The data indicate that the ReSTOR +2.5 D IOL provided good intermediate and functional near vision for patients who did not want to accept a higher potential for visual disturbances associated with the ReSTOR +3.0 D IOL, but wanted more near vision than a monofocal IOL generally provides. Quality of vision was not significantly different between the multifocal IOLs, but patient self-selection for each lens type may have been a factor.

Keywords:

• multifocal IOL
• near vision
• cataract
• presbyopia

Background

Diffractive optics has been incorporated into multifocal intraocular lens (IOL) designs for decades; a more recent design is the apodized partial-optic diffractive lens, approved for use in the USA as the AcrySof® ReSTOR® +4.0 lens in March of 2005.¹ This lens features a central diffractive zone and a peripheral refractive-only zone, such that with large pupils relatively less light is directed to the near focus.² An additional model of this lens is the AcrySof IQ® ReSTOR +3.0 D lens, featuring the same light distribution pattern but a lower powered add, approximately 2.3 D at the corneal plane, compared to 3 D with the original +4 add. This lens provides better intermediate vision than the +4 model with no evident change in visual disturbances.
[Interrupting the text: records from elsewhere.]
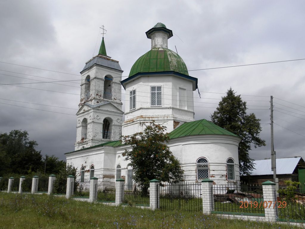 1. Доминирующее местоположение объекта культурного наследия в центральной части села, силуэтные характеристики, ценные точки видового раскрытия, беспрепятственное визуальное восприятие объекта культурного наследия в сложившейся среде.2. Объемно-пространственная композиция объекта культурного наследия, состоящая из:А) четверика, завершающегося высоким световым восьмериком с куполом и небольшой главкой на граненом барабане; на граненом барабане;Б) полукруглой алтарной апсиды - с восточной стороны, прямоугольной в плане трапезной - с западной стороны, завершающейся двускатной крышей;В) объема трехъярусной колокольни, состоящей из четвериков и завершающейся шпилем.3. Конфигурация и конструкция крыши объекта культурного наследия, в том числе: двускатная крыша первого этажа, материал отделки и характер покрытия двускатной крыши (окрашенное листовое железо со стоячим фальцем), купол с маленькой луковичной главкой на маленьком граненном барабане с юбкой, форма креста; материал отделки и характер покрытия главки (металлическое «в шашечку» из окрашенного оцинкованного металла), четырехскатная крыша третьего яруса колокольни, шпилевое венчание колокольни, форма креста на шпиле колокольни; материал отделки и характер покрытия четырехскатной крыши третьего яруса колокольни (листовое железо со стоячим фальцем); материал отделки и характер покрытия купола и шпиля колокольни (из оцинкованного металла с окраской).4. Архитектурно-художественное оформление фасадов объекта культурного наследия: широкий ступенчатый карниз вдоль первого этажа; горизонтальная рустовка колокольни и алтарной апсиды в уровне первого этажа.5. Филенки, украшающие восьмерик; прямоугольные оконные проемы восьмерика, украшенные ленточными наличниками с замковыми камнями.6. Круглые ниши, акцентирующие окна четверика, и фланкирующие проемы второго яруса колокольни; пояски; лопатки; арочные оконные проемы, подчеркнутые прямыми подоконными карнизами.7. Ярусы звона колокольни, прорезанные высокими арочными проемами; второй ярус, увенчанный фронтонами.8. Местоположение, размер дверных проемов, в том числе: главный вход с западной стороны колокольни — арочный дверной проем; два арочных дверных проема на северном и южном фасадах основного объема четверика.9. Столярные заполнения оконных проемов: деревянные рамы, характер расстекловки, металлические оконные решетки.10. Пространственно-планировочная структура интерьеров объекта культурного наследия в пределах капитальных стен: бесстолпный храм с полукруглой алтарной апсидой, с прямоугольной в плане примыкающей трапезной и колокольней; цилиндрическое основание купола церкви, опирающееся на парус; помещения трапезной с сомкнутым сводом.11. Местоположение, конструкция внутренней кирпичной лестницы колокольни.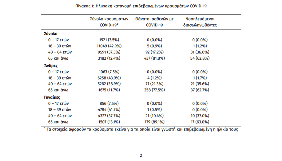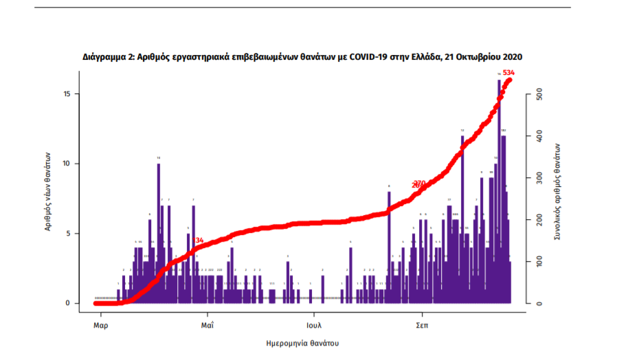 Τέλος, έχουμε 6 ακόμα καταγεγραμμένους θανάτους και 534 θανάτους συνολικά στη χώρα. 201 (37.6%) γυναίκες και οι υπόλοιποι άνδρες. Η διάμεση ηλικία των θανόντων συμπολιτών μας ήταν τα 79 έτη και το 96.3% είχε κάποιο υποκείμενο νόσημα ή/και ηλικία 70 ετών και άνω.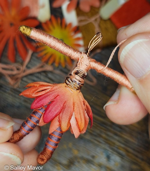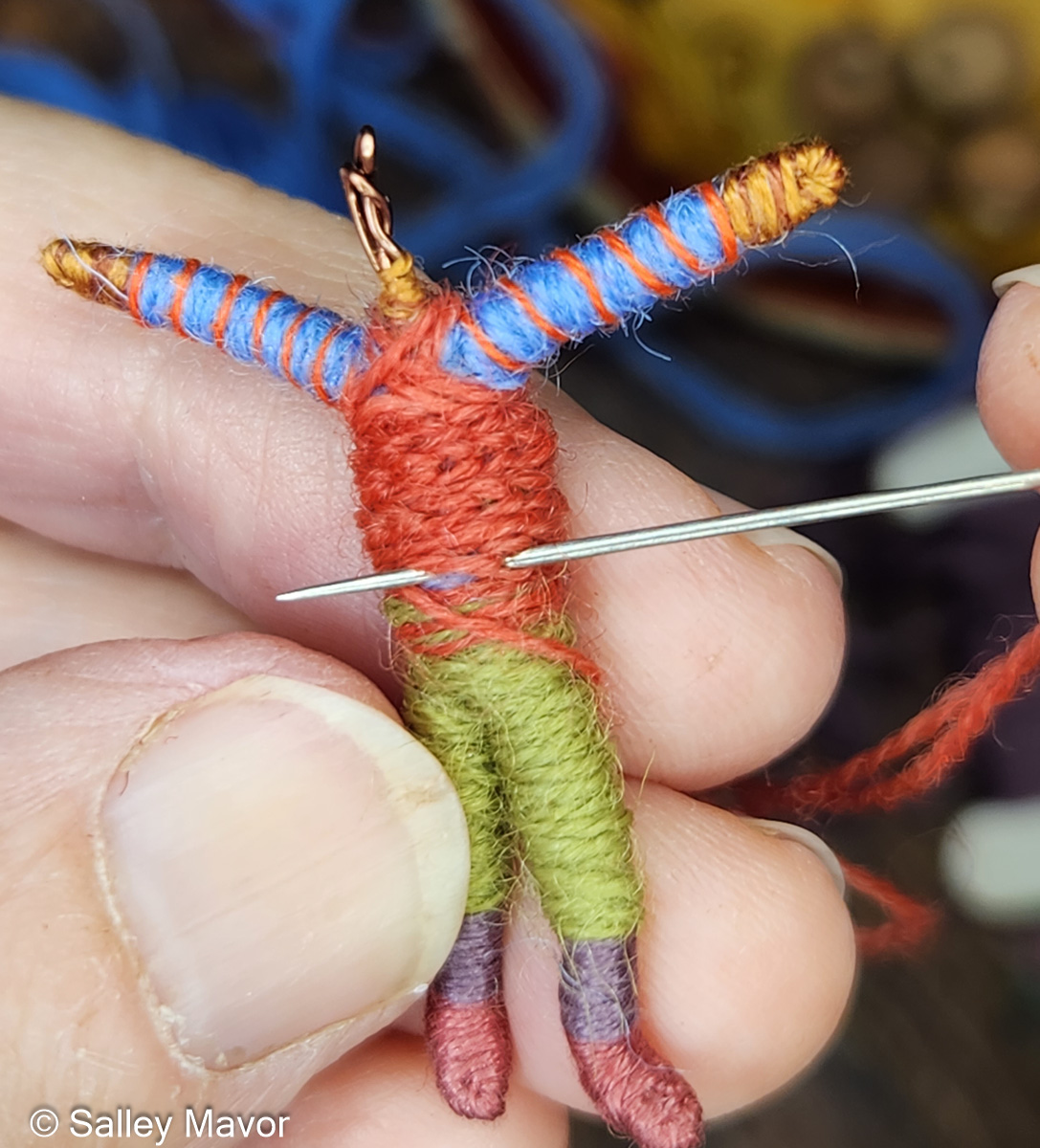 In the figure below, I used both cotton embroidery floss and tapestry yarn to wrap the wire armature. To give the illusion of a knitted vest, I chain stitched yarn around the torso.
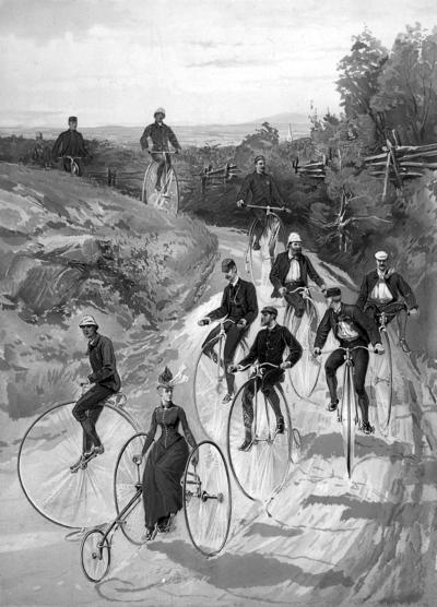 В 1870 году англичанин Хилман стал продавать первые полностью металлические велосипеды с высокими колесами. Диаметр переднего колеса составлял 54 дюйма, что примерно в два раза больше, чем колесо среднего современного дорожного велосипеда.
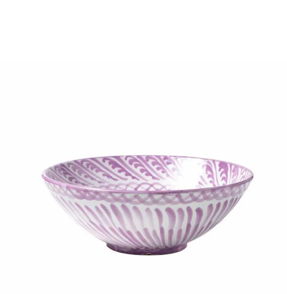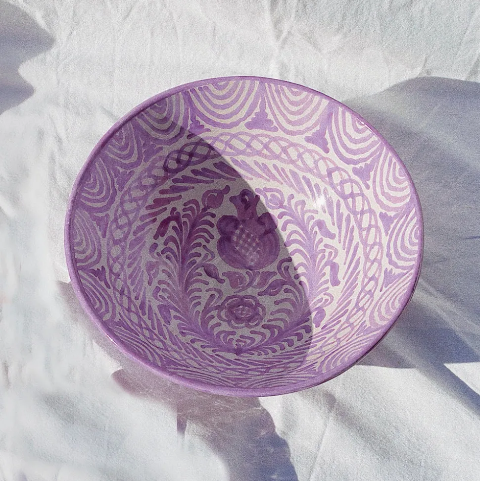 Hand-painted with a traditional Spanish “Lebrillo” design featuring birds and pomegranates, the Casa Lila Large Bowl is subtly striking and well-suited for dining, table decoration, or as wall decor. (There are two holes on the back that make for easy hanging.) Each Pomelo Casa piece is handmade in Southern Spain by ceramicists who have been using the same techniques for over five centuries and may have a slight variation in pattern as a result. Minor imperfections are not considered flaws but instead add to the authenticity and charm of these beautiful home goods.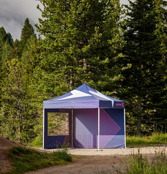 Mit dem Sublimationsdruck können detailgetreue Fotos und großflächige Motive in hoher Qualität auf Dach und Seitenwände gedruckt werden. Für optimale Ergebnisse sollte das Fotoformat entweder 1 zu 1 mit 100 dpi oder 1 zu 100 mit 300 dpi angelegt sein.

The preferred reading distance for the +3 lens was near 40 cm, whereas with the +4 add the preferred reading distance was about 32 cm.^3,4

Any IOL that splits light for the purposes of providing distinct near and distant images creates the potential for visual disturbances that may be higher than for a monofocal IOL. The photic phenomena most often reported as higher are glare and halos, particularly halos.^5,6 Specific design elements can alter the amount of light directed to near and distant foci, and apodization can be used to modify that light distribution with varying pupil size. Both diffractive design and degree of apodization can affect the potential for glare and halos in diffractive multifocal lens designs.⁷

In 2012 the AcrySof IQ ReSTOR +2.5 D lens received Conformité Européenne (CE) mark and became available in Europe, based on bench testing demonstrating the optical differences between it and previous models.⁸ There were two major modifications to the lens design. The first was a change in the distribution of light to distance and near foci with varying pupil size. Figure 1 illustrates this change – the ratio of distant to near light is higher in the new model, which was expected to reduce the potential for glare and halos associated with the out-of-focus near light when viewing at distance, as well as improving distance vision. The second modification was a lowering of the add power from 3.0 D to 2.5 D, measured at the IOL plane. This was expected to change the add power at the corneal plane from approximately 2.3 D to about 1.9 D (using a nominal 5.55 mm effective anterior chamber depth (ACD) and 20 D lens power), moving the patient’s reading distance out from about 40 cm to about 50 cm.

Figure 1 Comparative energy distribution of multifocal intraocular lenses.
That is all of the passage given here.